0.794892 M parameters


In [21]:
optimizer = torch.optim.AdamW(model.parameters(), lr=learning_rate)

for iter in range(max_iters):
    # every once in a while evaluate the loss on train and val sets
    if iter % eval_interval == 0 or iter == max_iters - 1:
        loss = estimate_loss()
        print(f"step {iter}: random generated validation loss {loss:.4f}")

    # sample a batch of data
    xb, yb = make_batch(batch_size=batch_size, max_digits=max_digits)

    # evaluate the loss
    logits, loss = model(xb, yb)
    optimizer.zero_grad(set_to_none=True)
    loss.backward()
    optimizer.step()

step 0: random generated validation loss 0.1766
step 100: random generated validation loss 0.2187
step 200: random generated validation loss 0.1455
step 300: random generated validation loss 0.3479
step 400: random generated validation loss 0.1030
step 500: random generated validation loss 0.0926
step 600: random generated validation loss 0.1315
step 700: random generated validation loss 0.0822
step 800: random generated validation loss 0.0807
step 900: random generated validation loss 0.0809
step 1000: random generated validation loss 0.8111
step 1100: random generated validation loss 0.1244
step 1200: random generated validation loss 0.1117
step 1300: random generated validation loss 0.0540
step 1400: random generated validation loss 0.0727
step 1500: random generated validation loss 0.0410
step 1600: random generated validation loss 0.2927
step 1700: random generated validation loss 0.0787
step 1800: random generated validation loss 0.0355
step 1900: random generated validation loss

In [31]:
# generate from the model
inp = torch.tensor([encode("226+336=")], dtype=torch.long, device=device)
out = model.generate(inp, max_new_tokens=3)
print("decoded:", decode(out[0].tolist()))

decoded: 226+336=265


# Problem with masking and why my very try failed:

```
"7+3=10" (reversed answer "01").
x = [7, '+', 3, '=', 1, 0]
y = [-1, -1, -1, -1, 0, 1]
```

- the problem and the answer were alligned directly.
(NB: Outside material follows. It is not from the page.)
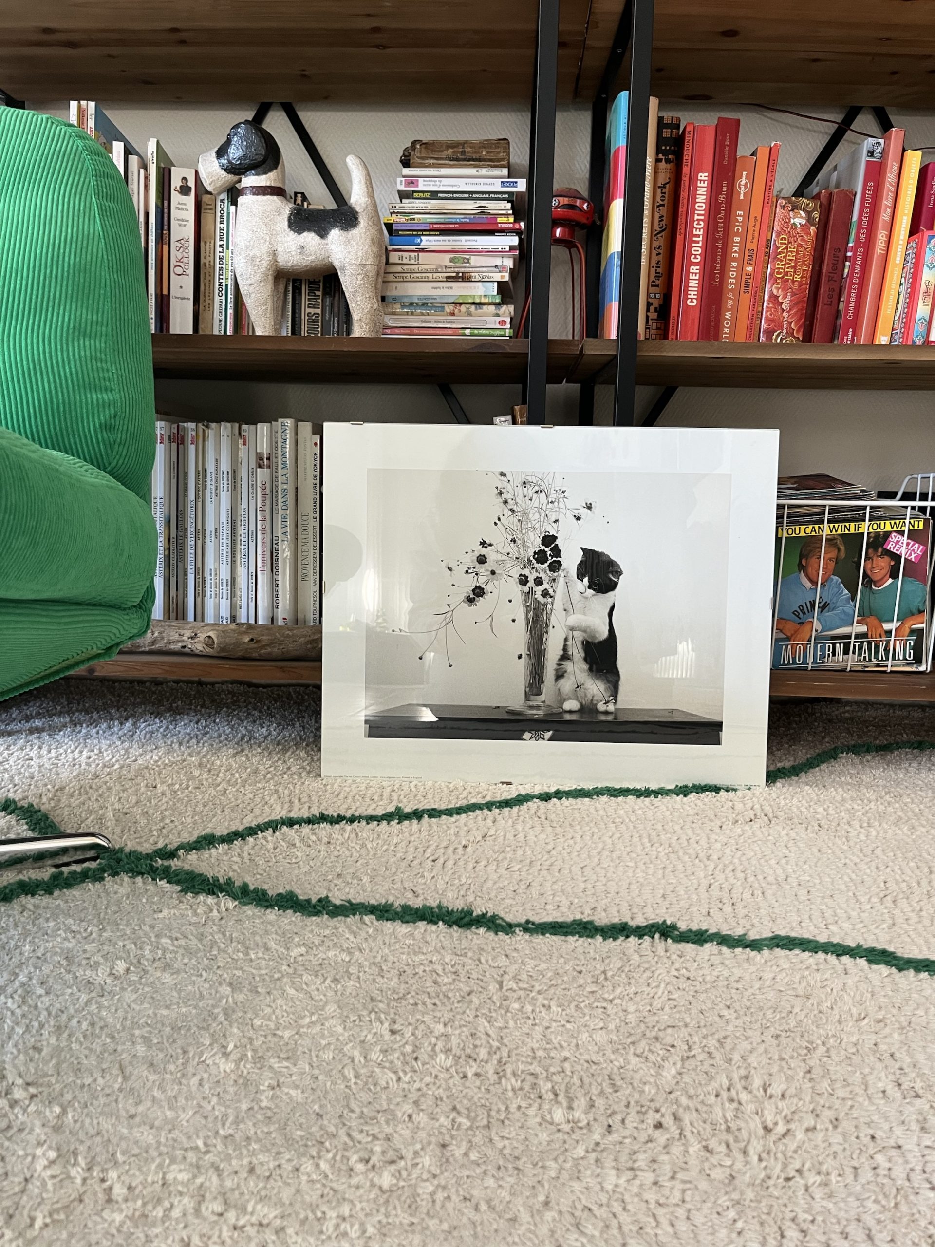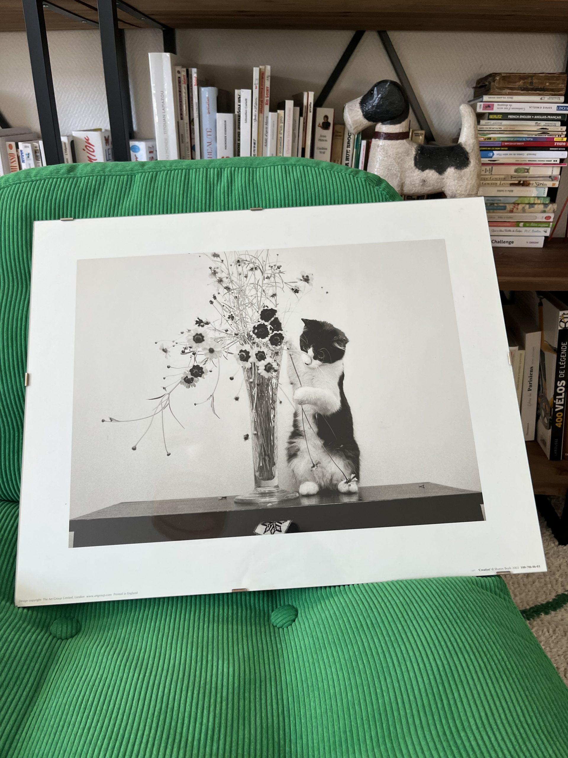 Cliché chat et le vase en noir et blanc

- What I did was mask the tokens but not shift them!

- the problem was that I was thinking of how I used to prepare the data like in tinyshakespear.
  - I predicted the next character at each step, shifting it implicitly.
- In addition each problem is short and discreate and the asnwer digits are alligned under themselves, so the model can cheat.

- Example walkthrough:
```
x = [4, 7, 10, 6, 11, 3, 5]      
y = [-1, -1, -1, -1, 3, 5, -1] # masked + shift
```

Model receives and creates nn.Embedding
```
[4, 7, 10, 6, 11, 3, 5]  
```

Forward through Transformer:
```
multiple blocks of M-head + FeedForward
attend to previous tokens
rotary pos embeddings
```

Compute logits
```
B, T, vocab_size
```

Compute loss ignoring the -1
```
y = [-1, -1, -1, -1, 3, 5, -1]
```

## Core problem that I didnt get:
1. sequence x [4, 7, 10, 6, 11, 3, 5] with length 7, the model produces logits for every postion
```
(B, T, vocab_size)
```
- Each logit[t] predict the next token after position t (in next token LM)
- I am looking at token t and want to know what is likley to come next!

### Examples

| Position | Input x | Target y | Masked?                               |
| -------- | ------- | -------- | ------------------------------------- |
| 0        | 4       | -1       |  ignore input digit                  |
| 1        | 7       | -1       | ignore input digit                  |
| 2        | '+'     | -1       |  ignore symbol                       |
| 3        | 6       | -1       |  ignore input digit                  |
| 4        | '='     | 3        |  want to predict first answer digit  |
| 5        | 3       | 5        |  want to predict second answer digit |
| 6        | 5       | -1       | pad or ignore                       |


- Think about this:
1. The cast sat on the mat, if you include the word mat in the input the model dosent learn anything it just tries to optimize for the same wording.
2. removing the word mat and making it the target will adjust the model graph via backprop so that the tensor of The cast sat on the ... will output mat.